The room was empty except for another doctor dressed in surgical scrubs. He looked absorbed in the science-fiction book he was reading, so she leaned back and closed her eyes. Before she knew it, she'd fallen asleep. A sound startled her and she jerked awake. She blushed as she realized the sound that had woken her was her own snoring. Mortified, she glanced at the doctor, but he hadn't raised his head from his book. She shifted in her chair, straightened her shirt and closed her eyes again.
"You should head home if you're that tired," the man said without looking up from his book.
"I know," she sighed. "I'm just too exhausted to drive. I'm afraid I'd have an accident, and end up back here, taking up bed space."
He chuckled, setting his book aside. "You'd get some rest anyway."
"No, I wouldn't, I'd have all you bloody doctors poking me to see what made me tick," she managed a soft chuckle and nestled further into her chair.
"We'd save special tests just for you. The most intrusive possible, with blood drawn every hour. I'm sure we could find ways to occupy your time."
"No doubt," she said, starting to get annoyed now by the conversation. She wanted to rest and she wanted to be left alone, neither of which was happening. "Look," she said, sitting up in her chair. "I don't really mean to be rude...."

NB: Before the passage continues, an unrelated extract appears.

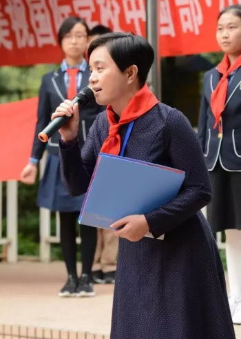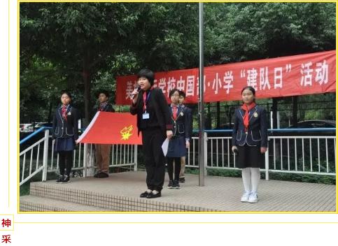 建 隊 日 光·榮·與·傳·承 10月13日下午,中國部·小學全體師生為紀念第68個“建隊日”,舉行了“光榮與傳承”主題大會暨新少先隊員入隊和新大隊委授牌儀式。 入隊新儀式 爸爸媽媽為我戴上紅領巾 中國部·小學為構建和諧美好的家校社區,培養孩子成為具有國際情懷和中國脊梁的國際人,讓校園處處彰顯傳承主題,讓傳承感染和影響每一位學生、家長和老師,讓其具有強大的感知、同化和行動力。

"Sure you do," he smiled, looking up from his book for the first time. He was quite attractive, but had a smug expression on his face as he clasped his hands together between his knees. "You say that so I won't think that you think I'm being intrusive. But whenever someone starts a sentence with things like, I don't mean to be rude, or with all due respect, they mean just the opposite."
Tanya pressed her lips in a tight line. She glared at him for no reason other than he happened to be in the line of her stare. He smiled at her, his teeth flashing white in his well tanned face. When did he have time to get a tan? Tanya was pale from all the extra hours she spent indoors in dimly lit rooms. It was bad enough he was gorgeous and tall, with dark hair and dancing blue eyes, but he was tanned, muscular and had on a cologne that smelled so good, it made her dizzy.